There are cases when publishers draw quality traffic to their experiments but the confidence level refuses to grow. It normally happens because of a similar performance of the variations due to weak hypotheses. Keep in mind that even if your variations look totally different, it doesn’t prove the strength of your hypothesis. In such a situation, it’s highly recommended to finish the experiment and revise creatives.
Prepare yourself to the fact that your assumptions will be wrong as a rule. Yet, finding a game-changing product page layout definitely worth the effort.
How to Measure Impact of A/B Testing Results in Stores
Sustainable results that change your conversion rate for the better is the ultimate goal of experimenting with your app’s product page unless you are an A/B testing enthusiast and run such tests for sheer delight.
Many publishers wonder how to measure the impact of test results in the main stores. It is indeed an interesting yet tricky question. For sure, you should have a finger on the pulse of your conversion fluctuation after the upload of a new product page version.
Nevertheless, remember that any app store is a compound ever-changing environment teeming with factors influencing your app’s performance. To see a positive impact of your A/B testing results you should always be consistent.

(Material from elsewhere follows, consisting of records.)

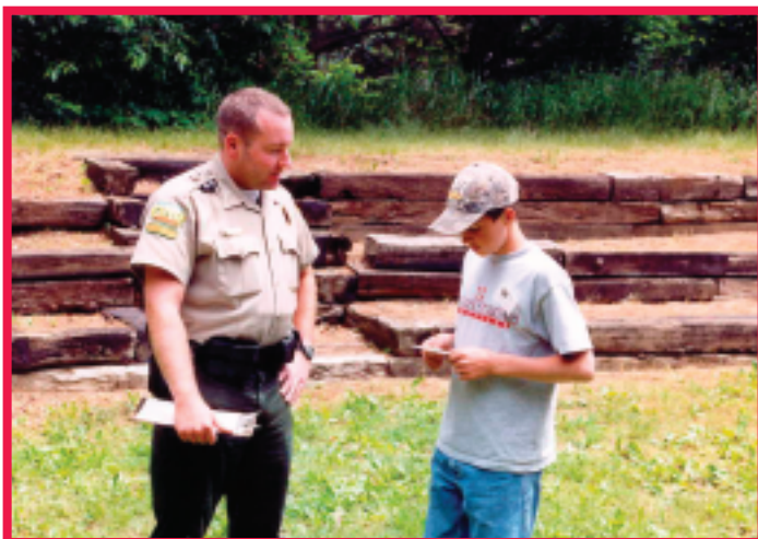
One of the team members gets ready to start the hunter safety trail with an Iowa DNR officer
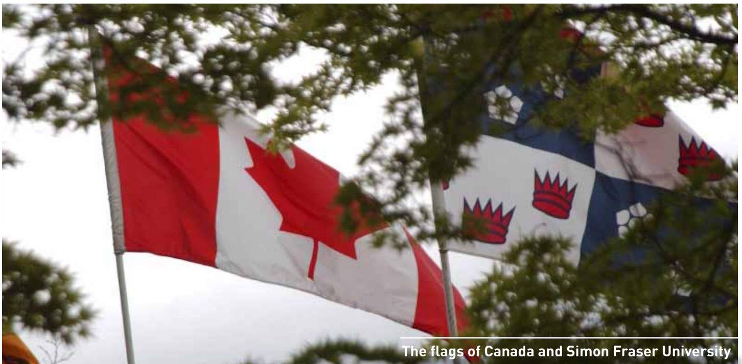
The flags of Canada and Simon Fraser University

Should the academic program requirements change during your degree, those requirements which are most beneficial to you will apply. In these cases, please consult with your graduate program chair.
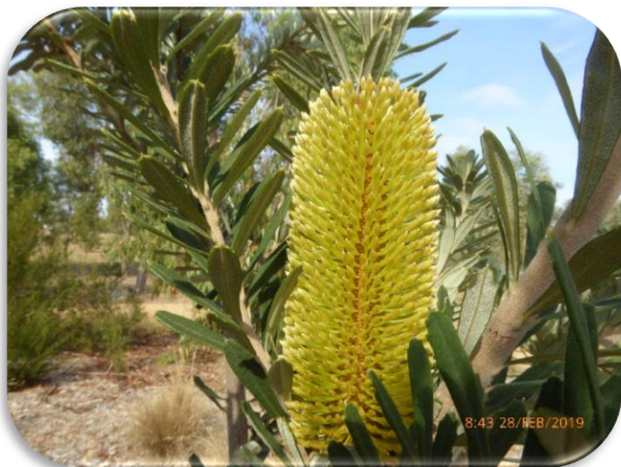
Banksia marginata , Silver Banksia.
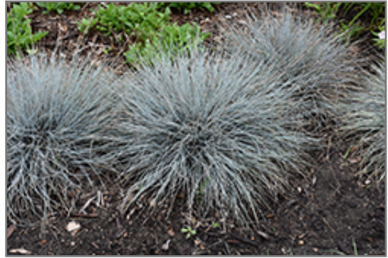
Blue Whiskers Blue Fescue

Blue Whiskers Blue Fescue will grow to be about 12 inches tall at maturity extending to 20 inches tall with the flowers, with a spread of 24 inches. Its foliage tends to remain dense right to the ground, not requiring facer plants in front. It grows at a medium rate, and under ideal conditions can be expected to live for approximately 8 years. As an evergreen perennial, this plant will typically keep its form and foliage year-round.
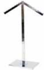
XT909 WATERFALL STAND Chrome - Adjustable 48"-72"H

For instance, let’s imagine you tested your new screenshots on users from Hong Kong. You got stunning results and uploaded them to the US store, as it’s your core market. You expect the same conversion boost you saw during the test but nothing really happens. It’s easy to claim A/B testing worthlessness in this situation, but targeting inaccuracy is to blame here.
The same is true when you apply the results of testing in the Google Play to the App Store failing to acknowledge the difference between Android and iOS users, their unlike perception of the store, varying behavioral patterns, etc.
The main recommendation here is to be diligent and consistent. Test only 1 element and only 1 change at a time as experimenting with different concepts at once, you will probably get ambiguous results requiring multiple follow-up tests. Then you’ll see app’s performance improvement in iTunes or Google Console without extra effort.
Providing you are ready to take time and use your wits, split-testing testing will become a safeguarded tool in your ASO arsenal. A/B experiments don’t only boost apps’ performance on both paid and organic traffic, they also provide essential metrics and analytics which can and should be applied in your audacious marketing activity.